John Williams during an interview in San Francisco, California, on Dec 18, 2015.
John Williams during an interview in San Francisco, California, on Dec 18, 2015.PHOTO: REUTERS

SINGAPORE - The United States economy is showing strong growth and could hit its 2 per cent average inflation target sooner than expected, said San Francisco Federal Reserve president John Williams on Tuesday evening (March 29).

"This is my view, but if we have inflation moving clearly towards 2 per cent and if the US economy continues to improve the way it did last year, I think the economy could easily handle two or more (interest rate) increases this year," Dr Williams said after speaking at the National University of Singapore's Lee Kuan Yew School of Public Policy.

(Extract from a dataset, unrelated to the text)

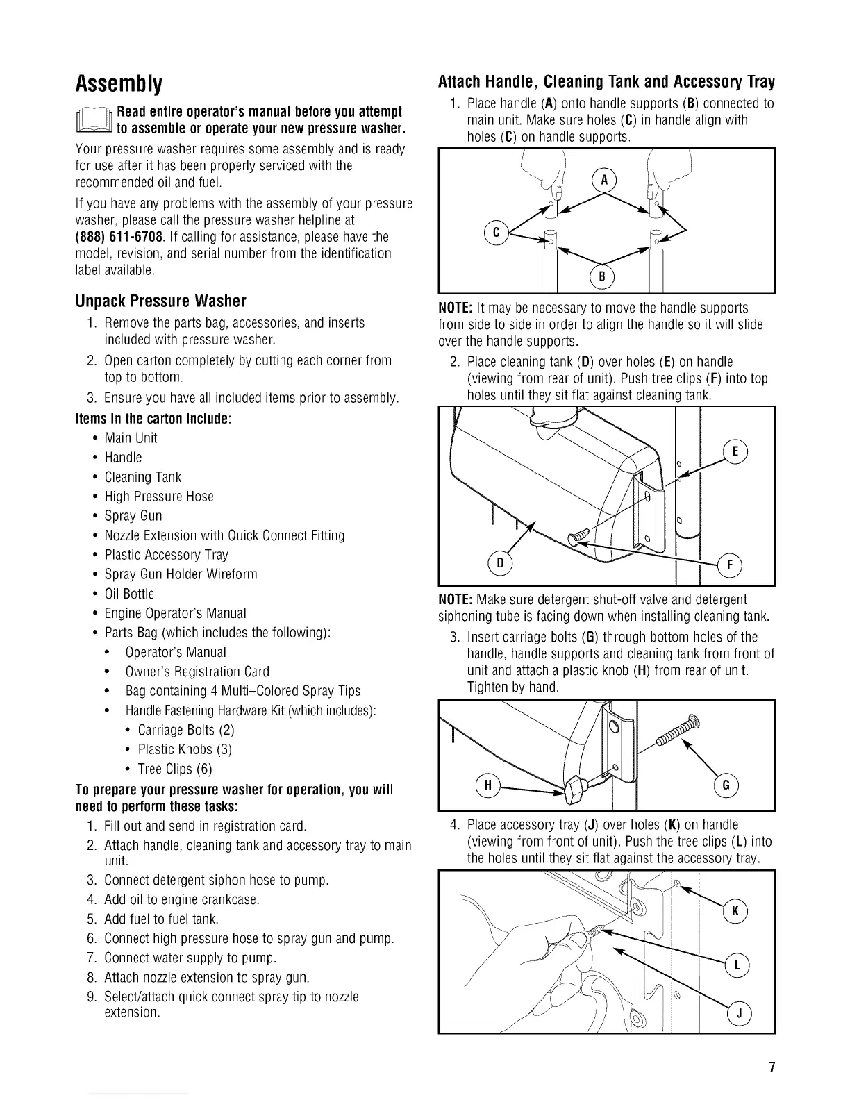 To prepare yourpressurewasherfor operation, youwill

Dr Williams, who is a non-voting member of the policy-setting Federal Open Market Committee, noted in his speech that US unemployment has dipped below 5 per cent - the level he believes is the natural rate of unemployment.

Another healthy sign is that more Americans are quitting their jobs, he said: "It shows that people have confidence, if they leave their jobs, they'll be able to find another one... Job vacancies today are the highest since they started collecting the data back in 2000."

And while global financial markets have been volatile, Dr Williams stressed that their swings are unreliable indicators of economic strength: "As Paul Samuelson famously said, the US stock market has predicted nine of the last five US recessions. And I think that we have to keep that in mind."

Dr Williams delivered his 25-minute speech to a packed room that included many bankers, including DBS chief Piyush Gupta, who questioned the policymaker's "kind of conservative" forecast for US inflation to move back to 2 per cent over the next two years when recent data suggests that inflation is picking up faster than that.

Dr Williams replied: "I agree that there is some upside risk and we'll hit our inflation target sooner... We just want to see more conviction in the data, if you will."

Over the past year, the Fed's preferred inflation measure - the personal consumption expenditures price index - was at 1 percentage point, whereas core inflation ran higher, at about 1.75 per cent.

Dr Williams said: "We've been riding below our target for over three years in terms of inflation, we have seen in the last few years, a few spikes in core inflation due to prices of apparel, prices of jewellery, they move up and down... We're still trying to make sure that the data we've been seeing in employment, in inflation are real, not a mirage."

Dr Williams also addressed the question of whether the Fed considers the impact the upcoming US presidential elections could have on economic growth: "The presidential cycle, that's part of our democracy. We're focused on kind of the very nerdy, geeky analysis of the data, the outlook - all that discussion is really about economics.

"My own view is that we're not seeing any signs in the data right now that consumers or financial market participants are particularly nervous about the political events of the year... This is just election season, not something that seems to be affecting people's economic decisions."